Opinion
Case No. 3:16-bk-3070-PMG
07-19-2017
Chapter 13 ORDER ON CONFIRMATION OF SECOND AMENDED CHAPTER 13 PLAN, AND OBJECTION TO CONFIRMATION BY CHRISTY STEPHENS
THIS CASE came before the Court for hearing to consider confirmation of the Debtor's Second Amended Chapter 13 Plan, and also to consider the Objection to Confirmation filed by Christy Stephens. (Docs. 24, 33).
For a Chapter 13 plan to be confirmed under §1325(a) of the Bankruptcy Code, the Court must find that the debtor filed the plan and the bankruptcy petition in good faith. In determining a debtor's good faith, the ultimate question is whether the debtor abused the provisions, purpose, or spirit of the Bankruptcy Code.
In this case, the Court cannot find that the Debtor abused the purpose of the Bankruptcy Code, because the record indicates that he had a valid need for financial relief as of the petition date. In his Chapter 13 case, for example, the Debtor dealt with three claims related to his homestead property, a claim for past-due federal income taxes in the amount of $22,406.00, and general unsecured claims in an amount exceeding $79,000.00.
Under these circumstances, the Debtor's Second Amended Chapter 13 Plan may be confirmed as satisfying the good faith requirement of §1325(a), even though the Debtor's initial schedules omitted certain prepetition transfers and insider debts, and even though the petition was filed while Christy Stephens was seeking to enforce her equitable distribution claim.
Background
The Debtor served twenty-one years in the United States Navy, and currently is not employed. His income consists primarily of his pension or retirement benefit from the Navy.

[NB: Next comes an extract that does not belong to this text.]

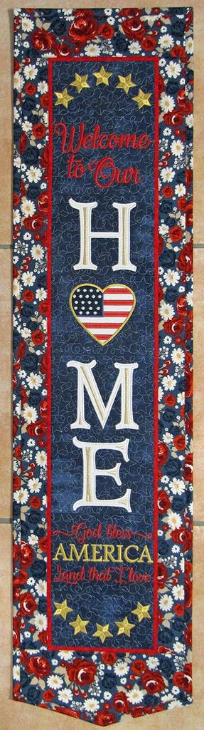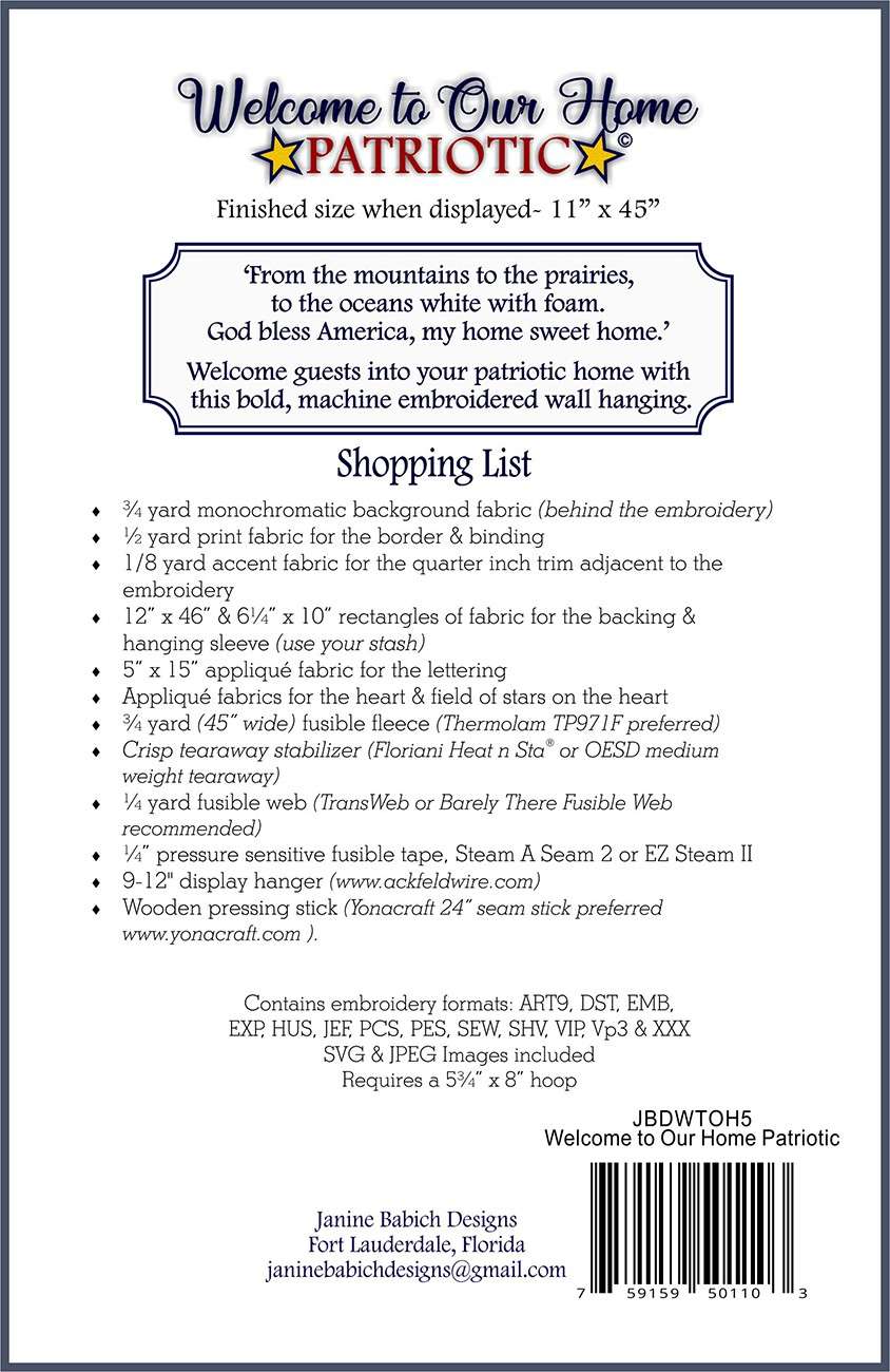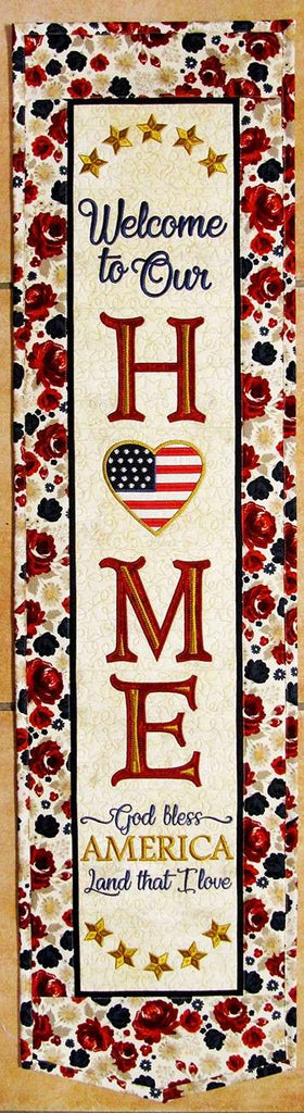 From the mountains to the prairies, to the oceans white with foam, God Bless America, my home sweet home.' Welcome guests into your patriotic home with this bold, machine embroidered wall hanging; displayed on an entry door or in a foyer, this wall hanging will show your love of our great country. This pattern also includes a 'Welcome to My' home design for solo home owners. Includes embroidery formats: ART9, DST, EMB, EXP, HUS, JEF, PCS, PES, SEW, SHV, VP3 & XXX. SVG & Jpeg images included. Minimum hoop requirement- 5 3/4" x 8" hoop.

The Debtor and Christy Stephens (Stephens) were married on April 27, 2013. On January 6, 2015, the Debtor filed a petition to dissolve the marriage in the Circuit Court for St. Johns County, Florida. (Stephens' Exhibit 14).
On May 5, 2016, the State Court entered a Final Judgment of Dissolution of Marriage. (Stephens' Exhibit 10). According to the Final Judgment, Stephens and the Debtor were both discharged of any claims for alimony or spousal support. With respect to equitable distribution, the Final Judgment provided an award to Stephens in the amount of $24,002.62, and ordered the Debtor to pay Stephens the lump sum amount of $24,002.62 within sixty days of the Judgment.

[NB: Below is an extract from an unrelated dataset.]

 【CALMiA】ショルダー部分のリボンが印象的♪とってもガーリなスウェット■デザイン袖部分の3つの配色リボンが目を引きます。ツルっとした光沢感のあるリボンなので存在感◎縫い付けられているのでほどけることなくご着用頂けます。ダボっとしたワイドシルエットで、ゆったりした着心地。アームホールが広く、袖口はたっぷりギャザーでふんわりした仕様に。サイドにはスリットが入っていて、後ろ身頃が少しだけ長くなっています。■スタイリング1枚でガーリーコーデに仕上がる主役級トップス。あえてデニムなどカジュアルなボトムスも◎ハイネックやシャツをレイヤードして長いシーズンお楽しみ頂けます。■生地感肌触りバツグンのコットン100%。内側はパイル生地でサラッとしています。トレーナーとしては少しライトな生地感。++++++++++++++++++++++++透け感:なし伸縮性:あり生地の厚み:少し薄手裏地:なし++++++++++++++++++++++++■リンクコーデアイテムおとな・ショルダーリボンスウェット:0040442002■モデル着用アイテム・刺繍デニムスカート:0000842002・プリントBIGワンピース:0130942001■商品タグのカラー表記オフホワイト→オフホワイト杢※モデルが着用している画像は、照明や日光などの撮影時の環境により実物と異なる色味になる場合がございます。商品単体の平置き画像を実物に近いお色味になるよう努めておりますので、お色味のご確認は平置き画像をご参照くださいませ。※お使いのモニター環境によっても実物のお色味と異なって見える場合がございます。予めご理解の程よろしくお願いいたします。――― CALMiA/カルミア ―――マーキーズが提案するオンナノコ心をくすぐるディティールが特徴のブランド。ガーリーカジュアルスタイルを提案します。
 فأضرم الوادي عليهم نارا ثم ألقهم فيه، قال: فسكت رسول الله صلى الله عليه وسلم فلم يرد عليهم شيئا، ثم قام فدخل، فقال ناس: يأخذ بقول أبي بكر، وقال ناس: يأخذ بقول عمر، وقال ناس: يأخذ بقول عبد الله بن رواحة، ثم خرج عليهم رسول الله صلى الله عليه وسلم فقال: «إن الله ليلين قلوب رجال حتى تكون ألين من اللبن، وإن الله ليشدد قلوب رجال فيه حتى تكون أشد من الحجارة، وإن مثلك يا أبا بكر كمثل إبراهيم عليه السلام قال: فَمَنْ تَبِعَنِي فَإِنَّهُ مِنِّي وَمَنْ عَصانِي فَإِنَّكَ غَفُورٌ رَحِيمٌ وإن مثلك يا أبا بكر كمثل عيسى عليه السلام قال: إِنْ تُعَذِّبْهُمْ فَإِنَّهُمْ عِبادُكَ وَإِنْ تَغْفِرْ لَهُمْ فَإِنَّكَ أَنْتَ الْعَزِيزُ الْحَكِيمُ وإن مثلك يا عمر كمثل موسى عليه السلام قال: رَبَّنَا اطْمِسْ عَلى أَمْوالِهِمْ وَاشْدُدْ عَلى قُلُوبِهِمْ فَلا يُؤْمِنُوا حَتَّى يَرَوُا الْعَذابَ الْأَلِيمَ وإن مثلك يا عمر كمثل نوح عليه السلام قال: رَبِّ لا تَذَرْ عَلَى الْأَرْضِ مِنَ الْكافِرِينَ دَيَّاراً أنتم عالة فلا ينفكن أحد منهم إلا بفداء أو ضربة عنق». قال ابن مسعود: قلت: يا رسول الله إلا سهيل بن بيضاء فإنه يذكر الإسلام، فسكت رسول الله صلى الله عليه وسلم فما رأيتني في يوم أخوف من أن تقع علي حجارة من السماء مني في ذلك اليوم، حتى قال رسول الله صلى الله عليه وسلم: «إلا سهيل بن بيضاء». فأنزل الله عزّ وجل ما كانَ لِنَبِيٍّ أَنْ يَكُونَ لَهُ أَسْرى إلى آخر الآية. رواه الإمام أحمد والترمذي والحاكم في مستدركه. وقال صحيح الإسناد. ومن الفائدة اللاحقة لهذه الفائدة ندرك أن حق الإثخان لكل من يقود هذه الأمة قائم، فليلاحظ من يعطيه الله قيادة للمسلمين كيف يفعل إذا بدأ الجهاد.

The Debtor did not pay the amount awarded to Stephens by July 5, 2016. On July 8, 2016, Stephens filed a Motion in the State Court for Civil Contempt and to enforce the equitable distribution award. (Stephens' Exhibit 14).
On August 12, 2016, the Debtor filed a petition under Chapter 13 of the Bankruptcy Code.
On January 27, 2017, the Debtor filed a Second Amended Chapter 13 Plan. (Doc. 33). Generally, the Plan provides for the Debtor to pay the Chapter 13 Trustee the sum of $976.52 per month for five months, and the sum of $1,090.49 per month for the following fifty-five months of the 60-month Plan, for total payments into the Plan of $64,859.55. From the Plan payments, the Chapter 13 Trustee would pay the claim of the Internal Revenue Service for past-due taxes, the claims of South Hampton Association, Inc. and Regions Bank related to the Debtor's homestead property, the claim of Wells Fargo for a financed hot tub that was sold prepetition, and an estimated dividend to unsecured creditors, including Stephens, in an amount that is "no less than $1,833.28."
The Chapter 13 Trustee initially objected to confirmation of the Debtor's Plan, but advised the Court at the confirmation hearing that the Debtor had resolved the Trustee's concerns.
Discussion
Stephens objects to confirmation of the Second Amended Plan. (Doc. 24). Generally, Stephens asserts that the Plan does not satisfy the requirements of §1325(a)(3) and §1325(a)(7) of the Bankruptcy Code because the Chapter 13 petition and Plan were not filed in good faith.
Section 1325(a) establishes nine requirements for confirmation of a Chapter 13 plan, including the good faith requirements of §1325(a)(3) and §1325(a)(7):
11 U.S.C. §1325. Confirmation of plan11 U.S.C. §1325(a)(3)(7). The issues surrounding a debtor's good faith under §1325(a) "are inherently factual questions, not capable of any bright-line test or formulation." In re Bradley, 567 B.R. 231, 236 (Bankr. D. Me. 2017).
(a) Except as provided in subsection (b), the court shall confirm a plan if—
. . .
(3) the plan has been proposed in good faith and not by any means forbidden by law;
. . .
(7) the action of the debtor in filing the petition was in good faith.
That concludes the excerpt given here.